Sages and saints Are protected by you. You who destroy demons are much loved by Ram.

Patala literally means the land beneath (tala) the feet (pa). Mahi means earth as well as buffalo. Ahi means serpent. Mahi and Ahi are related to Ravana. They are forms of Ravana, we can say. These stories are not found in Valmiki Ramayana that was composed 2000 years ago. These stories are later stories from India’s Tantrik Age, when more and more people took refuge in the supernatural to escape the harsh realities of life, much like children today finding joy in fantasy and sci-fi novels to escape the pressures of school and family and friends.

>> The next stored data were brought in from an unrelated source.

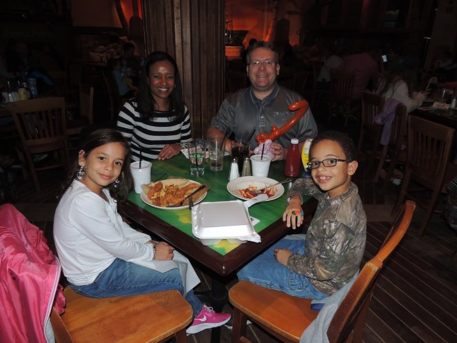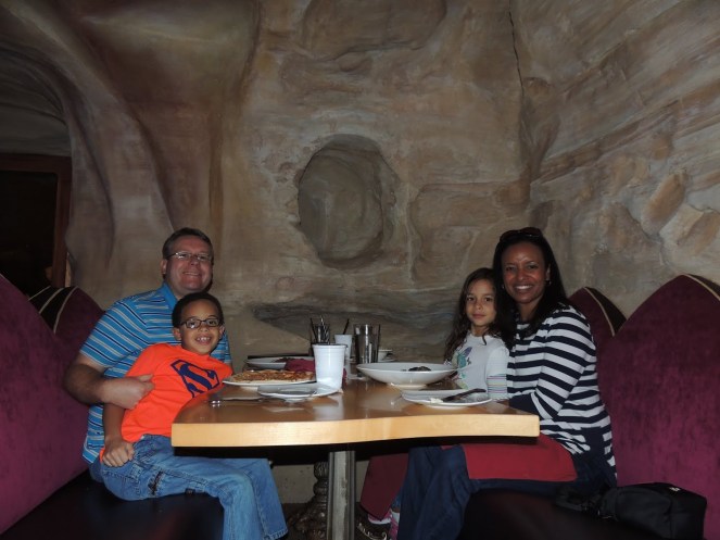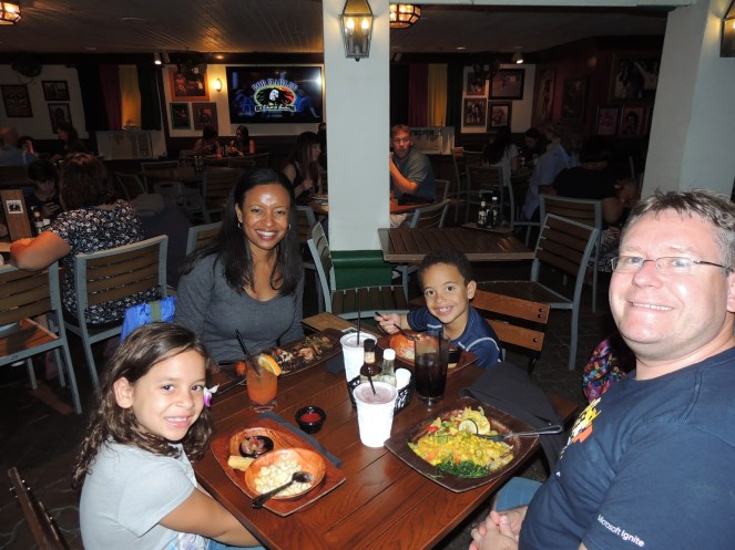 Eventually, we exited the park in favor of dinner at CityWalk. We celebrated our Thanksgiving meal at Bob Marley’s Tribute to Freedom. It was as close as I could get to Bahamian food. The DH had curried shrimp, while I had jerk chicken with rice and peas. The kids had Jamacarooni and cheese. See what they did there? Ha Ha!!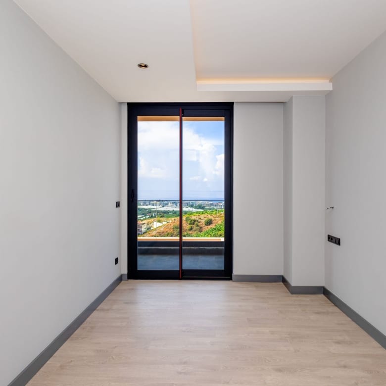 Inside, the villa is a testament to exquisite craftsmanship and thoughtful design. The two spacious living rooms offer access to either the pool area or a large balcony, each presenting breathtaking vistas. The floors throughout are adorned with custom large ceramic tiles, adding a touch of elegance to every room. The villa offers four luxurious bedrooms, including a grand master suite with a walk-in closet, a private bathroom with a round jacuzzi, and access to a large rooftop terrace. Each bedroom provides access to private balconies with spectacular sea views, ensuring a serene retreat for every occupant.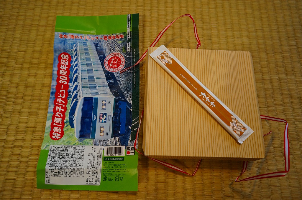これは掛紙に記されるとおり、大船駅の駅そばメニュー「親子そば」を弁当にしたもの。通勤電車も都会の駅の駅そばも、常連客に多く提供されるものであるから、この組合せはとても的を射ている。味もB級グルメとしておいしい仕上がりなので、普段も売られていいと思う。
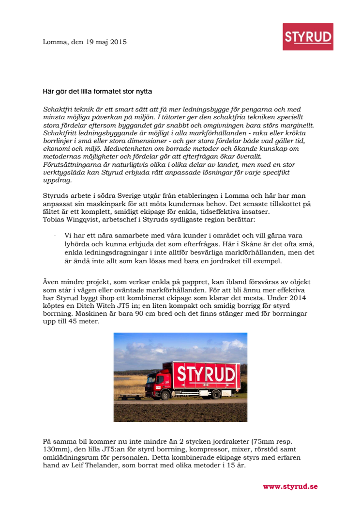 Det är mycket på gång i Sydsverige och i Malmöregionen i synnerhet. Det byggs som aldrig förr och Styrud anpassar sin maskinpark för att möta efterfrågan på effektivt ledningsbyggande. Schaktfri teknik är ett smart sätt att få mer ledningsbygge för pengarna och med minsta möjliga påverkan på miljön. Särskilt i tätort är schaktfritt att föredra - det går snabbt och omgivningen störs marginellt.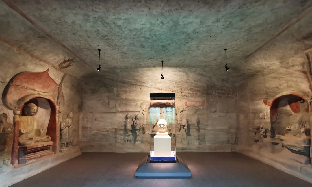 「復興路上·國寶歸來」特展是太原市文物保護研究院(天龍山石窟博物館)的常設展覽,以第8窟北壁主尊佛首為核心展品,分為「亂世之殤」和「盛世之歸」兩個單元,綜合運用珍貴文物、歷史圖片、數字復原、3D打印石窟等多種形式,全方位講述天龍山石窟文物流失與回歸歷程,展現流失文物調查研究、考古發掘和修復保護最新成果。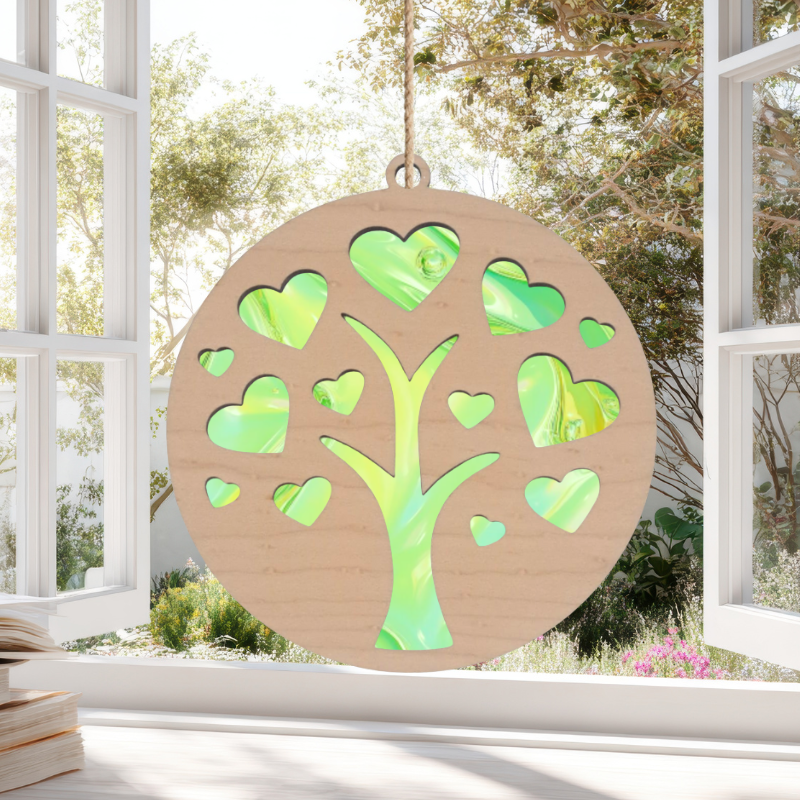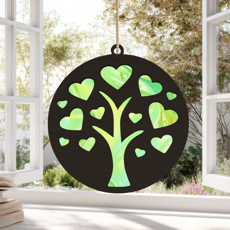 The round tree with hearts resin art suncatcher cut outs can be ordered in either 4mm maple wood or 3mm black acrylic.

Using occult forces of Patala, Ravana unleashes magic against Ram’s army as well as Sita. He creates illusions to trick Ram into believing Sita is dead, and Sita into believing Ram is dead. He tries to torment the vanaras with nightmares and hallucinations filled with ghosts and goblins, embodying their deepest darkest fears. Patala is a metaphor for the human unconscious. Hanuman enters this terrifying zone where the sorcerers plan to behead Ram. Hanuman tells the story of Ram and Sita to the goddess and wins her love and support. In other words, Hanuman calms the goddess, reduces her rage, her thirst, and enables her to reject the dark ambitions of Mahiravana and Ahiravana and support Ram and Lakshman instead.

Ghosts and monsters are the memories that torment us. Hence ghosts are referred to as ‘bhoot’ which means the same thing as past. Hence the most famous lines of the Hanuman Chalisa.

Bhoot pisaach nikat nahin aavai. Mahavir, jab naam sunavae.
Ghosts and ghouls don’t come near. Hanuman’s name, when they hear.

But politicians will keep reminding people about the past, even create false memories, to evoke passions and rage, to justify violence, seed outrage and victimhood, to win votes. Politicians are modern-day sorcerers who can haunt the current with Patala, so that we are distracted from aspirations of paradise (Swarga). But we can trust Hanuman to save us from political sorcery.

Buddhee heen tanu jannikay sumirow pavana kumara.
Bala buddhee vidya dehoo mohee harahu kalesha vikaara.

Aware that I lack intelligence, I recollect the son of the wind-god (Hanuman).
He will surely grant me strength, intelligence, knowledge and take away all problems and afflictions.